_What the task requires_.
Any picture in the material should be left out, while all other lines are copied exactly.

_Record set_.
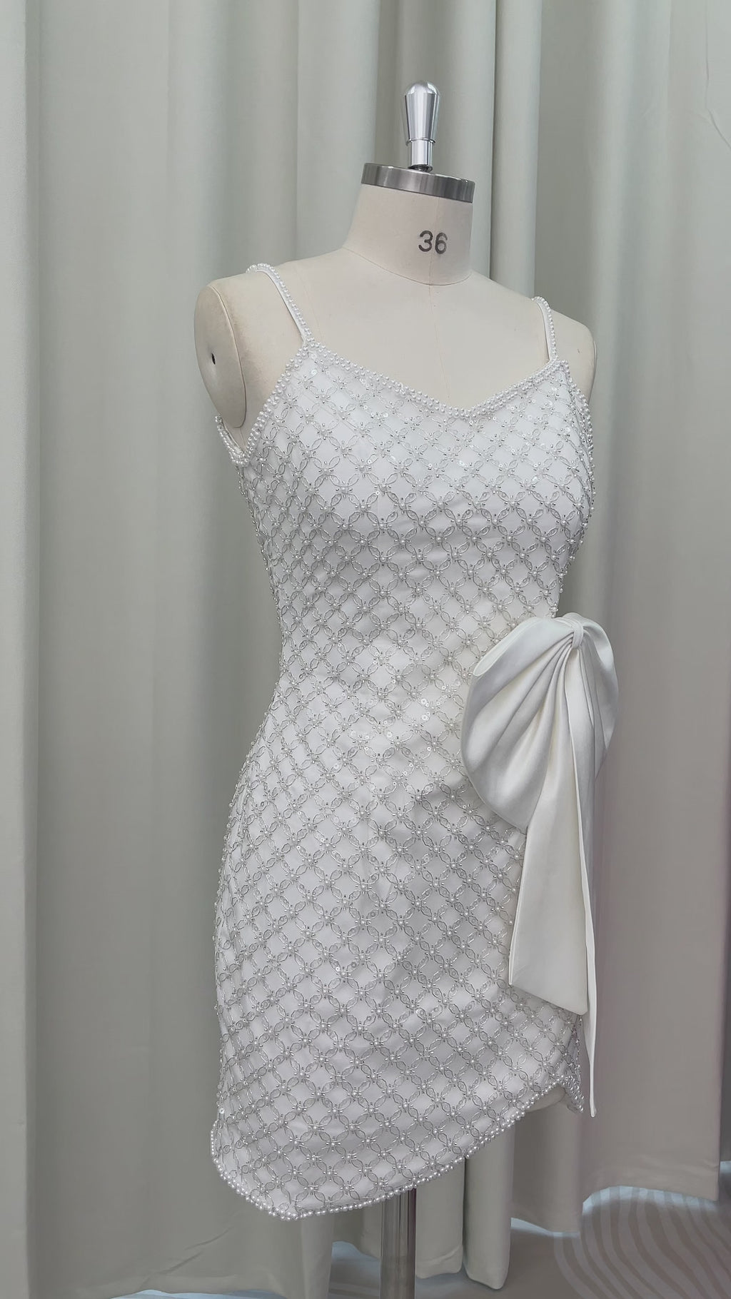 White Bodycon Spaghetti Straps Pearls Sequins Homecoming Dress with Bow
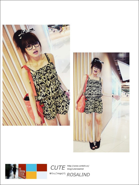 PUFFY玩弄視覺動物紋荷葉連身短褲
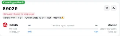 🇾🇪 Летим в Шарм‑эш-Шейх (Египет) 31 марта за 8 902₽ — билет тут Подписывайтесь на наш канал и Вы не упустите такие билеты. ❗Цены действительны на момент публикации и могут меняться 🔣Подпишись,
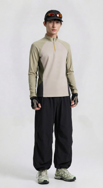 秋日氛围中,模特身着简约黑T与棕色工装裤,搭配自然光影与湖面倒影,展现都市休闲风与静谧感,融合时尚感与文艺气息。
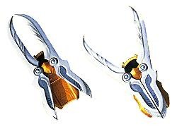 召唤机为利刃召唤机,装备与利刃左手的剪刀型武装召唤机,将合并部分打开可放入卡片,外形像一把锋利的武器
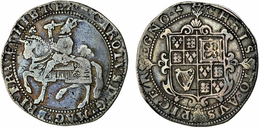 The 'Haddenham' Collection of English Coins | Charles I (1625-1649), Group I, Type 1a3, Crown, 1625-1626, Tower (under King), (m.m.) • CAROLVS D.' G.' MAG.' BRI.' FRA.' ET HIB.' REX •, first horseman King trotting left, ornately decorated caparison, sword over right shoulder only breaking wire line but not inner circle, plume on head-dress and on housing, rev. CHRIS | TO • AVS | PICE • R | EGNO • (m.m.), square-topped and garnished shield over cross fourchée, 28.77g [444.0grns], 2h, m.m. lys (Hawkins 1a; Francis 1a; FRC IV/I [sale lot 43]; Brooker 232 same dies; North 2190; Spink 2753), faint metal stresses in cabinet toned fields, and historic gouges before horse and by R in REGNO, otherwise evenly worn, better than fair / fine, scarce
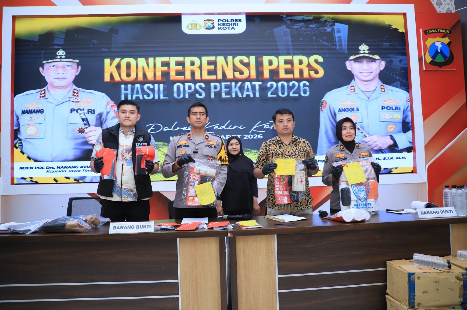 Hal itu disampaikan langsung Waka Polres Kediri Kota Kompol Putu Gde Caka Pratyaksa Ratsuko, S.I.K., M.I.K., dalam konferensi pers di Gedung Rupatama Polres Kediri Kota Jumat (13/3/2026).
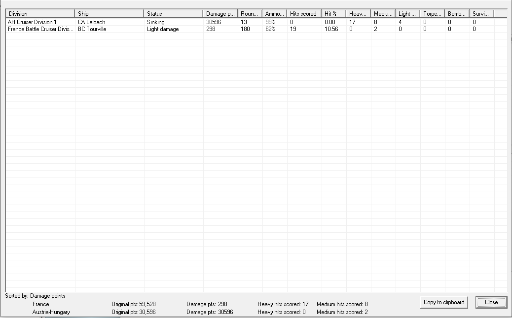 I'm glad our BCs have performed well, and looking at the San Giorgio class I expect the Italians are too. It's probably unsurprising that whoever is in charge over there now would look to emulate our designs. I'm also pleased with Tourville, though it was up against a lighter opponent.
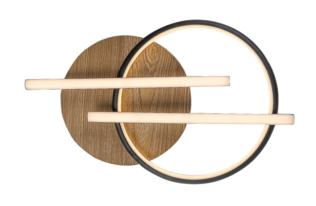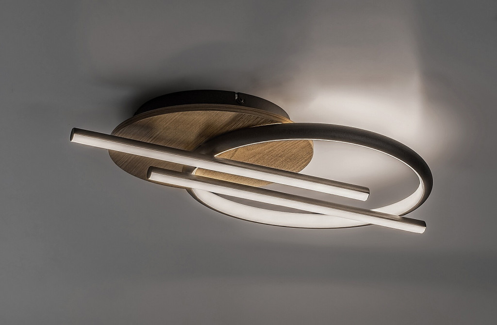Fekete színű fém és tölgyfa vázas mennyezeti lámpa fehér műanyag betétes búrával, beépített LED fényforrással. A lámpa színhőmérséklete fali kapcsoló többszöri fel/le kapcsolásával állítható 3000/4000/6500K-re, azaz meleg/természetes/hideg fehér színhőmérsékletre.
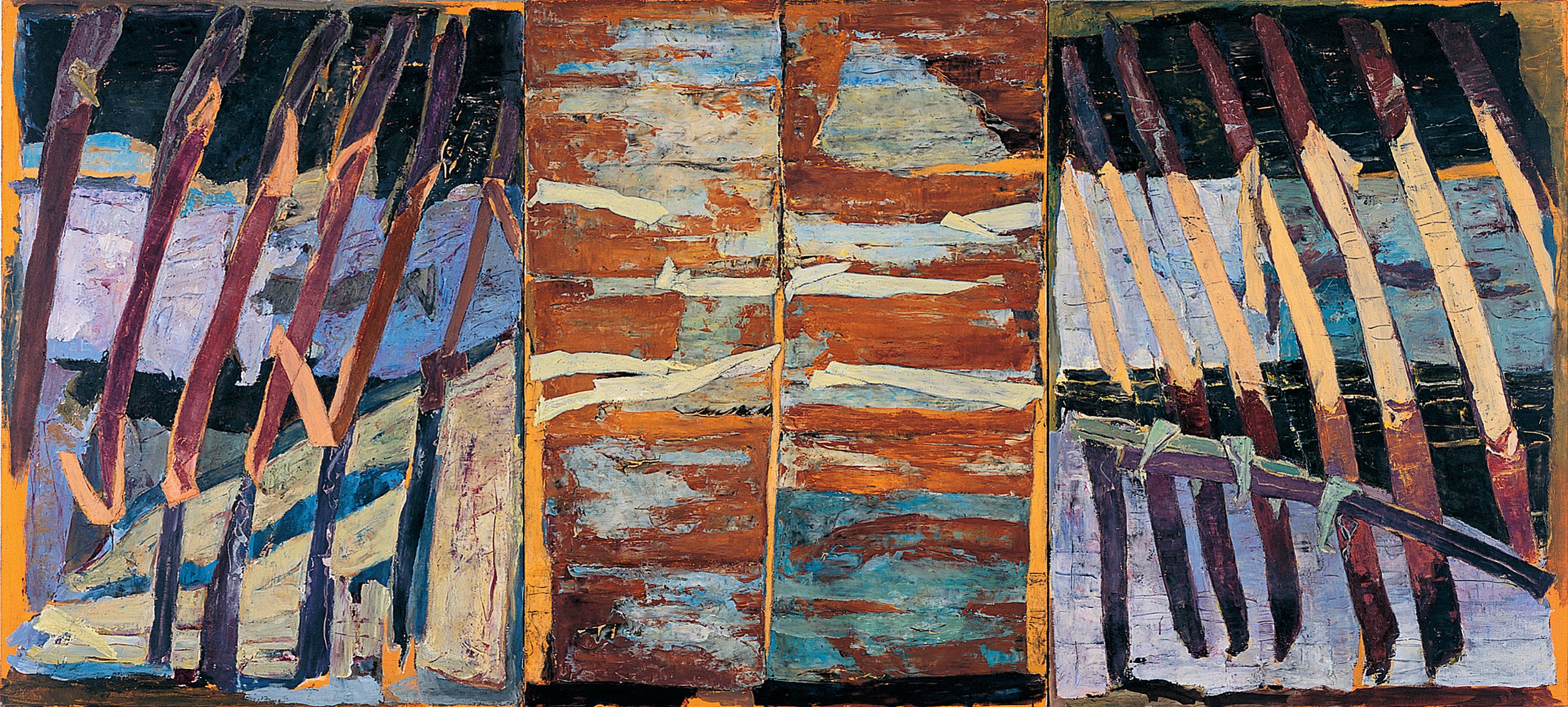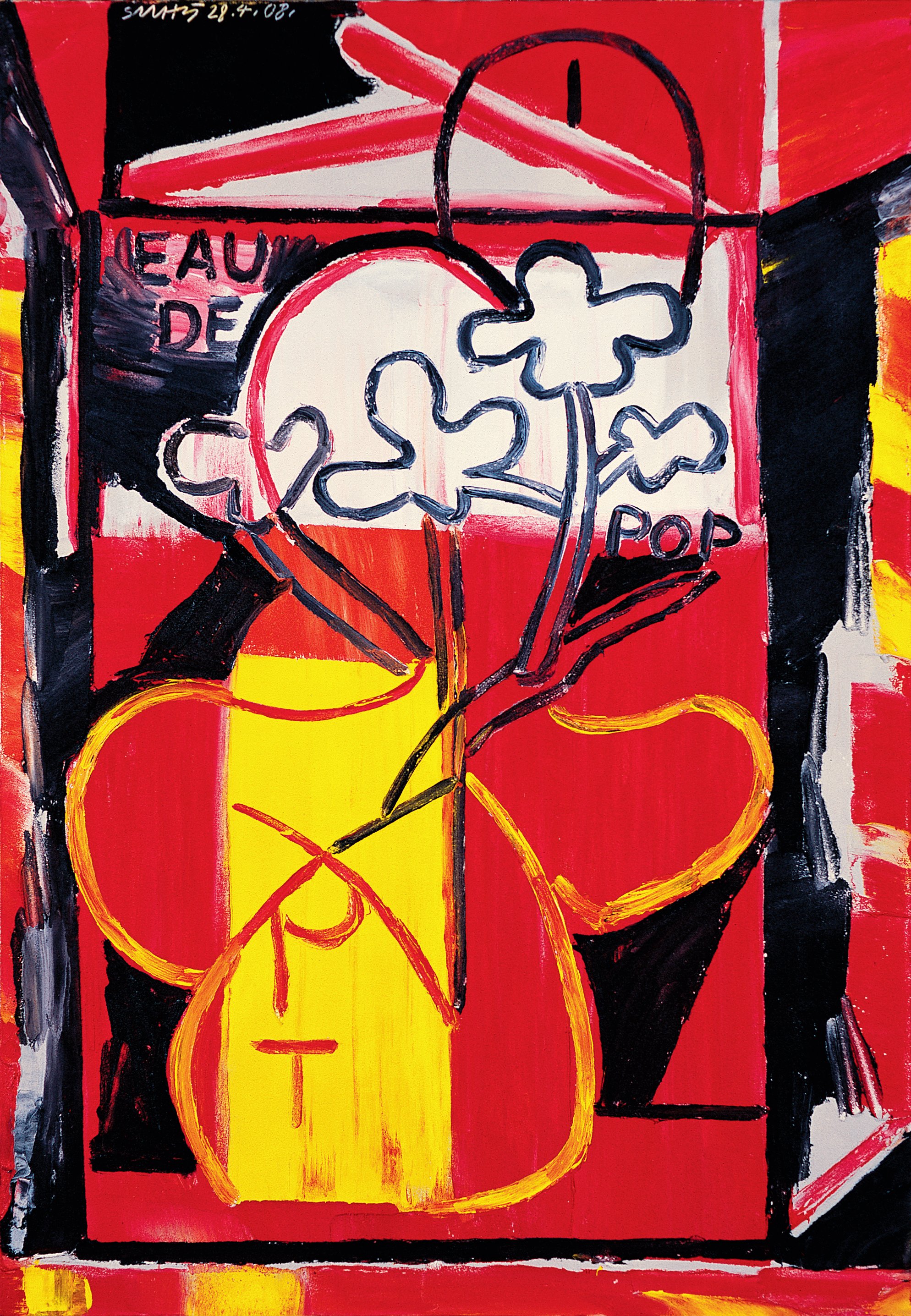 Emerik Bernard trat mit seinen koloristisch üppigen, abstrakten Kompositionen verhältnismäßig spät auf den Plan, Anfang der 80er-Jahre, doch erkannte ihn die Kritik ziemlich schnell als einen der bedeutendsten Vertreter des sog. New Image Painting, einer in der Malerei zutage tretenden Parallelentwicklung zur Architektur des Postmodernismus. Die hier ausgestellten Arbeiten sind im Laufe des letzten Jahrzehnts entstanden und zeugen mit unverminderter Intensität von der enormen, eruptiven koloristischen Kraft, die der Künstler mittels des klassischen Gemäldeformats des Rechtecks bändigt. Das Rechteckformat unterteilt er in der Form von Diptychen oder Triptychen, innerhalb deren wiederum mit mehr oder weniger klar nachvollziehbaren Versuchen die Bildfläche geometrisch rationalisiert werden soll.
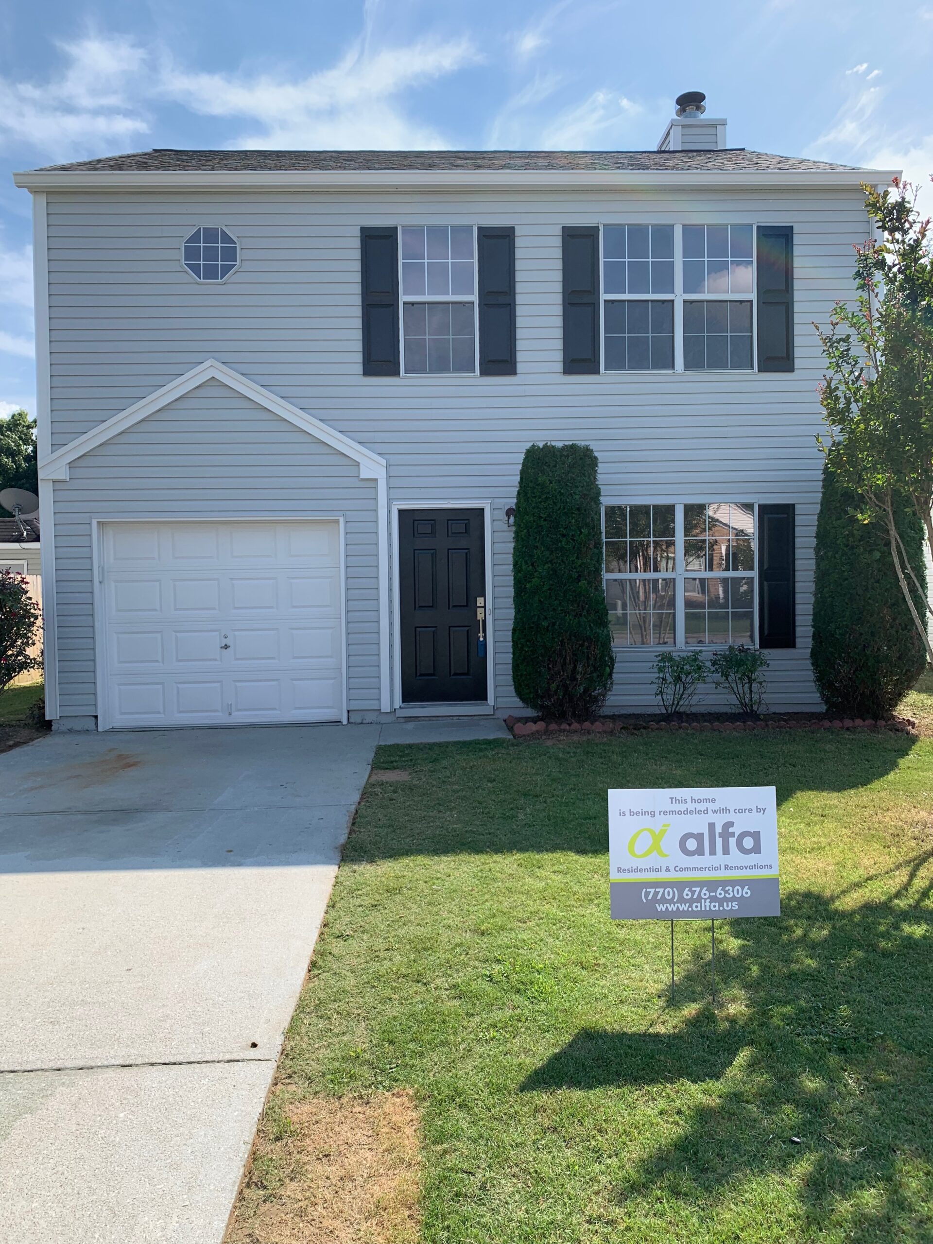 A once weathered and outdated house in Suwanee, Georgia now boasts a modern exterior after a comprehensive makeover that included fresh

_Solution to the problem_.
 White Bodycon Spaghetti Straps Pearls Sequins Homecoming Dress with Bow
 PUFFY玩弄視覺動物紋荷葉連身短褲
 🇾🇪 Летим в Шарм‑эш-Шейх (Египет) 31 марта за 8 902₽ — билет тут Подписывайтесь на наш канал и Вы не упустите такие билеты. ❗Цены действительны на момент публикации и могут меняться 🔣Подпишись,
 秋日氛围中,模特身着简约黑T与棕色工装裤,搭配自然光影与湖面倒影,展现都市休闲风与静谧感,融合时尚感与文艺气息。
 召唤机为利刃召唤机,装备与利刃左手的剪刀型武装召唤机,将合并部分打开可放入卡片,外形像一把锋利的武器
 The 'Haddenham' Collection of English Coins | Charles I (1625-1649), Group I, Type 1a3, Crown, 1625-1626, Tower (under King), (m.m.) • CAROLVS D.' G.' MAG.' BRI.' FRA.' ET HIB.' REX •, first horseman King trotting left, ornately decorated caparison, sword over right shoulder only breaking wire line but not inner circle, plume on head-dress and on housing, rev. CHRIS | TO • AVS | PICE • R | EGNO • (m.m.), square-topped and garnished shield over cross fourchée, 28.77g [444.0grns], 2h, m.m. lys (Hawkins 1a; Francis 1a; FRC IV/I [sale lot 43]; Brooker 232 same dies; North 2190; Spink 2753), faint metal stresses in cabinet toned fields, and historic gouges before horse and by R in REGNO, otherwise evenly worn, better than fair / fine, scarce
 Hal itu disampaikan langsung Waka Polres Kediri Kota Kompol Putu Gde Caka Pratyaksa Ratsuko, S.I.K., M.I.K., dalam konferensi pers di Gedung Rupatama Polres Kediri Kota Jumat (13/3/2026).
 I'm glad our BCs have performed well, and looking at the San Giorgio class I expect the Italians are too. It's probably unsurprising that whoever is in charge over there now would look to emulate our designs. I'm also pleased with Tourville, though it was up against a lighter opponent.
Fekete színű fém és tölgyfa vázas mennyezeti lámpa fehér műanyag betétes búrával, beépített LED fényforrással. A lámpa színhőmérséklete fali kapcsoló többszöri fel/le kapcsolásával állítható 3000/4000/6500K-re, azaz meleg/természetes/hideg fehér színhőmérsékletre.
 Emerik Bernard trat mit seinen koloristisch üppigen, abstrakten Kompositionen verhältnismäßig spät auf den Plan, Anfang der 80er-Jahre, doch erkannte ihn die Kritik ziemlich schnell als einen der bedeutendsten Vertreter des sog. New Image Painting, einer in der Malerei zutage tretenden Parallelentwicklung zur Architektur des Postmodernismus. Die hier ausgestellten Arbeiten sind im Laufe des letzten Jahrzehnts entstanden und zeugen mit unverminderter Intensität von der enormen, eruptiven koloristischen Kraft, die der Künstler mittels des klassischen Gemäldeformats des Rechtecks bändigt. Das Rechteckformat unterteilt er in der Form von Diptychen oder Triptychen, innerhalb deren wiederum mit mehr oder weniger klar nachvollziehbaren Versuchen die Bildfläche geometrisch rationalisiert werden soll.
 A once weathered and outdated house in Suwanee, Georgia now boasts a modern exterior after a comprehensive makeover that included fresh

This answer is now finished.